Phosphorus is highly contained in the earth's crust, but phosphorus resources with industrial extraction value are very limited throughout the world. Although China ranks second in the world in phosphate reserves, it is the largest producer of phosphate rock. Even so, China is not a rich country in phosphate rock, but a poor phosphate rock country. Relevant data show that China's phosphate ore reserves and basic reserves are 4.1 billion tons and 10 billion tons, respectively, accounting for 27.14% and 21.28% of the world. However, due to China's low-grade ore-rich mines, the average grade is only 17%. Phosphorus oxide greater than 30% of the rich ore accounted for only 8.5%, can not be directly used in the low-grade phosphate rock up to 90%. According to an analysis, the existing Chinese phosphate rock resources may be consumed in more than 20 years. Phosphorus mines in China have become increasingly scarce. With the rising status of phosphorus, the prices of phosphorus and phosphate fertilizers are also high.

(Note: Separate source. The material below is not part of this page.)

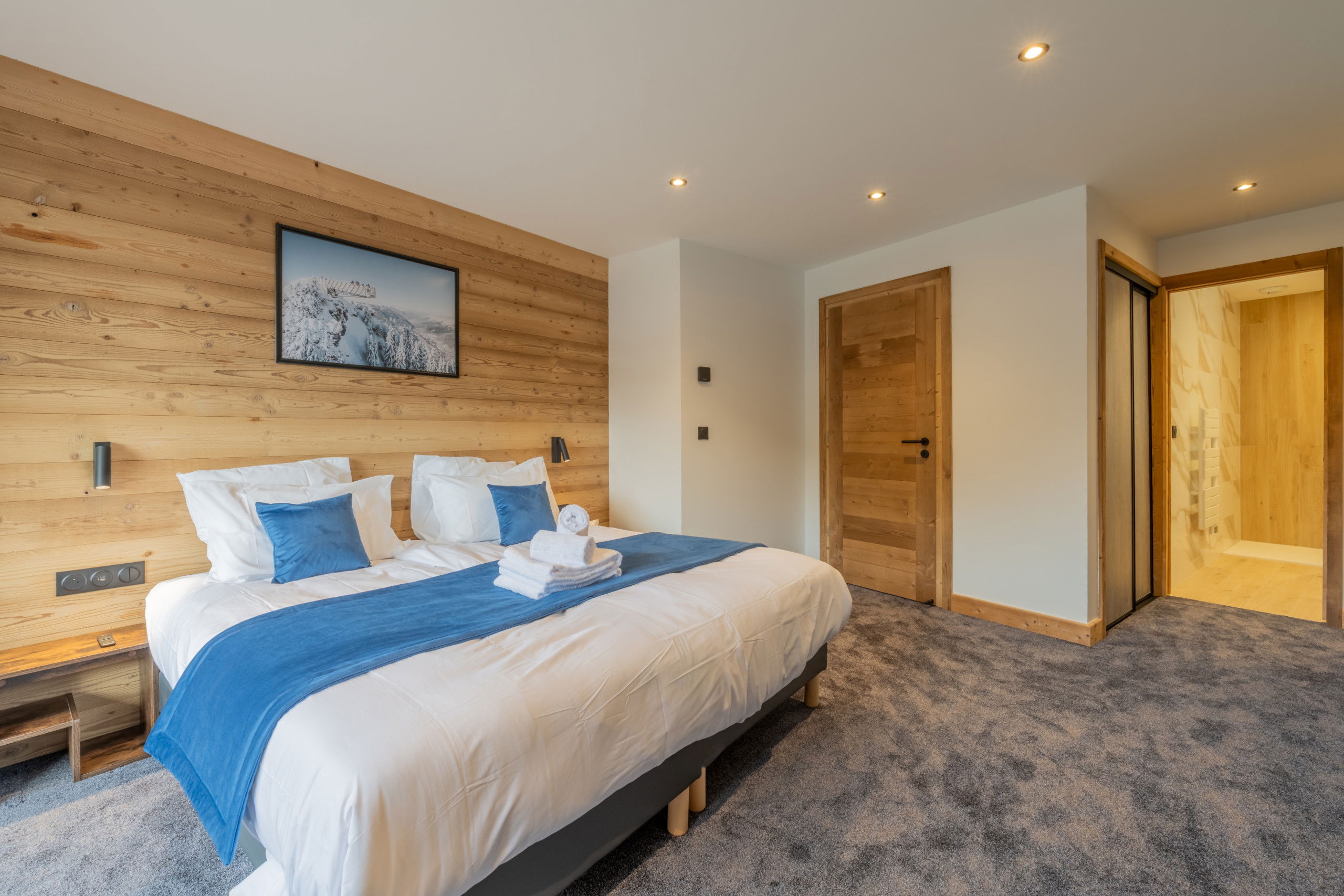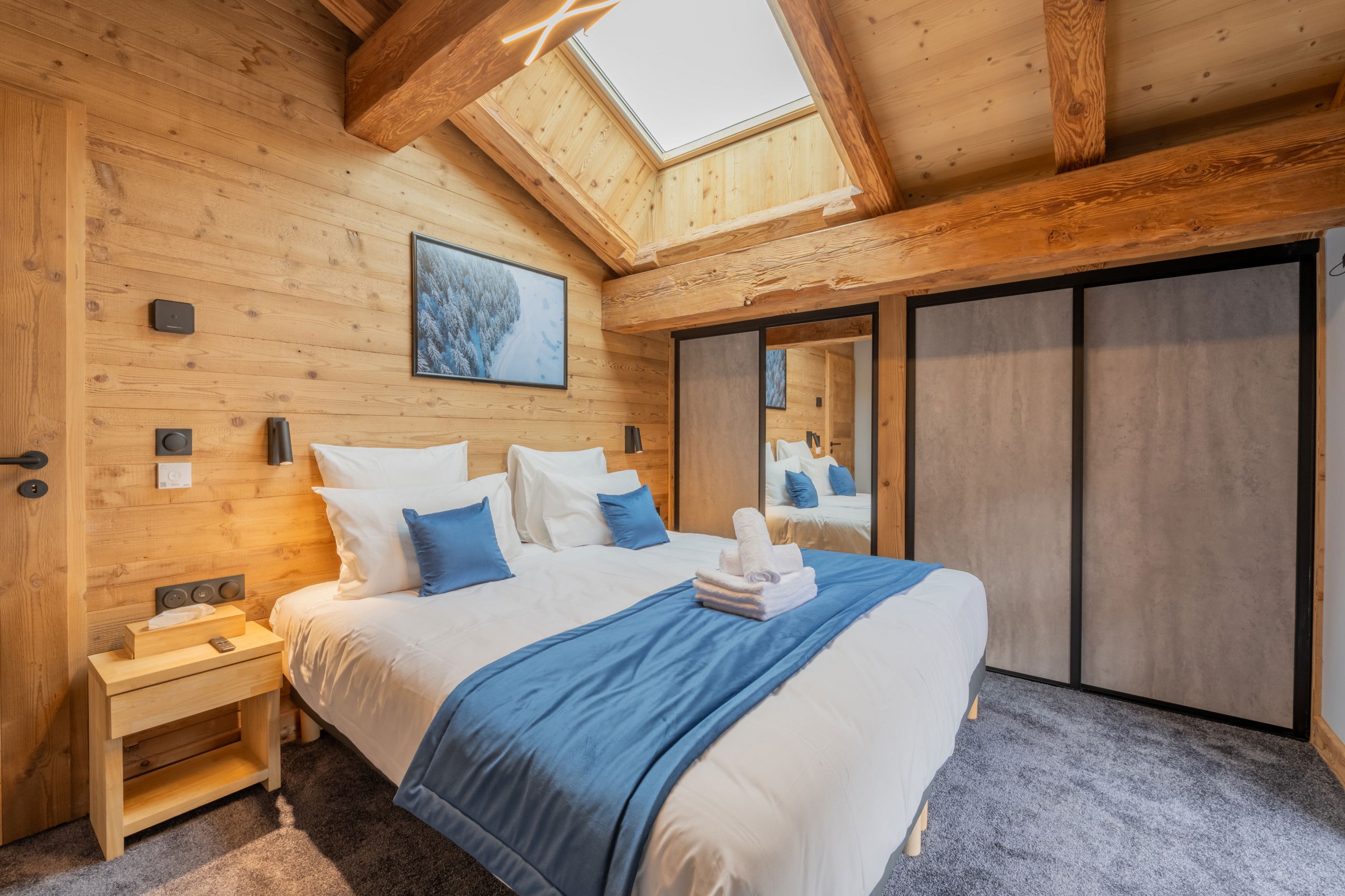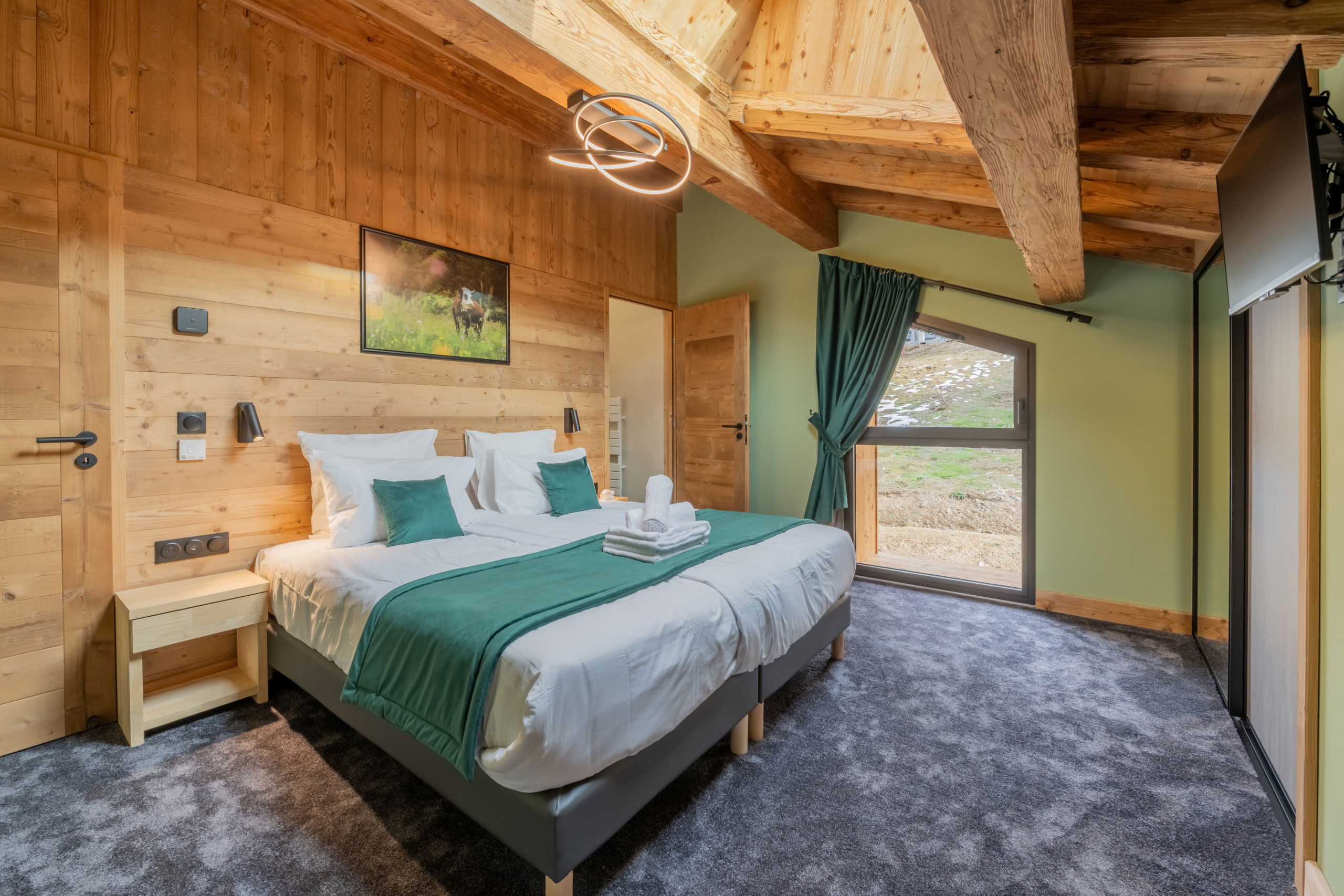 The main living space consists of a fully equipped open kitchen, a dining area and two living rooms, promoting moments of relaxation and conviviality after a day outdoors. The large living room located on the top floor is equipped with a fireplace, bringing a warm atmosphere during the winter season. The large openings ensure beautiful brightness and a natural connection with the outside.
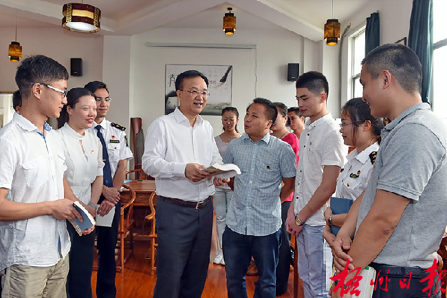 ??? 5月4日,市委書記、市人大常委會主任黃俊華到2016年梧州青年讀書季“青春嗅書香,成長更芬芳”讀書分享沙龍,與青年代表交流,鼓勵大家多讀書、讀好書。 孟亞西 攝

Phosphorus Resources Integration Flag Opened

It is precisely because the strategic importance of phosphorus resources is gradually recognized that our government has begun to integrate phosphate resources. According to the data, after the integration in recent years, the national phosphate rock decreased from 414 in 2007 to 339 in 2009, 75 in three years, and decreased by 18%; the number of large-scale mines increased from 10 in 2007 to 17 . It should be said that the banner of integration of phosphorus resources has been opened.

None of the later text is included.